Одурачивали прежде всего… Так, иногда, в период своего религиозного «возмужания» (он был рожден католиком) просыпался он внезапно, столь же резко потрясенный какой-то мыслью, как если бы кто-то разбудил его, потормошив за плечо; один-единственный труп азиатского младенца (пли негритянского или неолитического) полностью уничтожал для него вероятность божественного сотворения мира, где человек занимал привилегированное место, где каждый волосок на его голове был учтен… Нет, вовсе не о волосах шла речь в мировой истории, но о миллиардах трупов промежуточных существ, которым ни случай, ни провидение не дозволили приобщиться к сознанию, которые не имели времени стать людьми и тем не менее были людьми… Есть тут от чего испытать возмущение чудовищностью обмана со стороны бога, который, если он существует, довольно скверный шутник; а творение его, по словам Ницше, не что иное, как «сонмище горестей и алогизмов, снижающее общую ценность существования».
Только случай может быть ответствен за малую ценность человеческого сознания и существования, которые и в глазах самих-то людей уже мало чего стоят…

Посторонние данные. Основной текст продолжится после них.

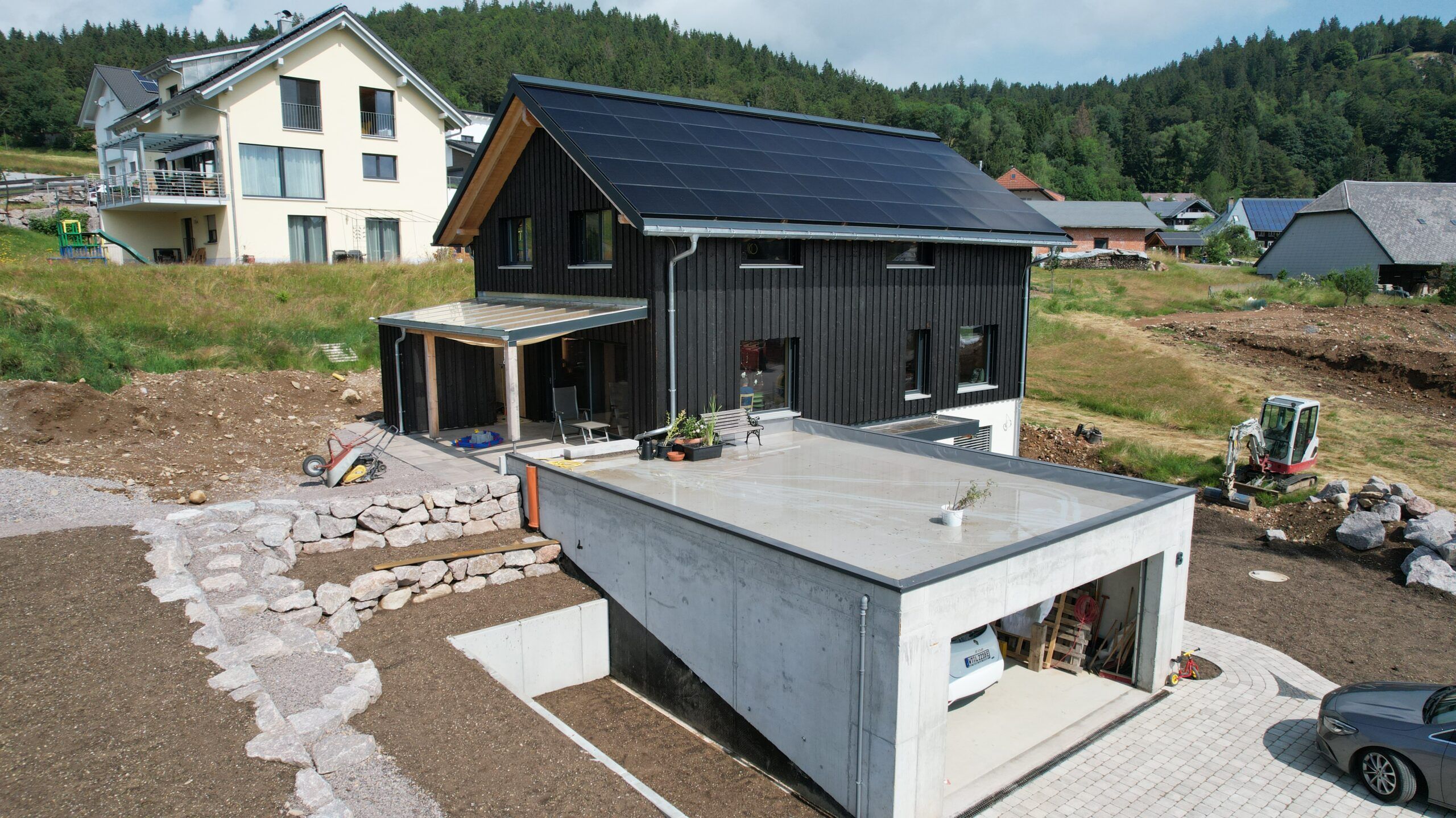 Im Zuge dieses Projekts wurden im Bereich des Erdgeschosses und der Garage sämtliche Rohbau- und Betonarbeiten präzise und termingerecht ausgeführt. Darüber hinaus umfasste die Leistung die fachgerechte Erschließung sowie die Entwässerungsarbeiten. Durch eine sorgfältige Planung und hochwertige Ausführung konnte eine solide Grundlage für die weitere Bauphase geschaffen werden.

Сегодня его всего больше потрясло ощущение ирреальности, которое он и сам не мог себе объяснить, как если бы прибыл с иной планеты, где все происходит по-иному, о чем у него сохранилось лишь смутное воспоминание.
— Меня потрясла естественность, с которой эти люди хоронят одного из себе подобных… Все было просто-таки непристойно: полное бесчувствие. И этот принаряженный дровосек… У меня было ощущение какого-то огромного недоразумения… Какой-то бессмысленный фарс: я заговорил, сам того не желая, о театральном действе. Если б один из них принялся… делать нечто совсем уж абсурдное — помочился бы в гроб, оторвал бы ухо соседу, чтобы съесть его, — вряд ли бы я был более поражен…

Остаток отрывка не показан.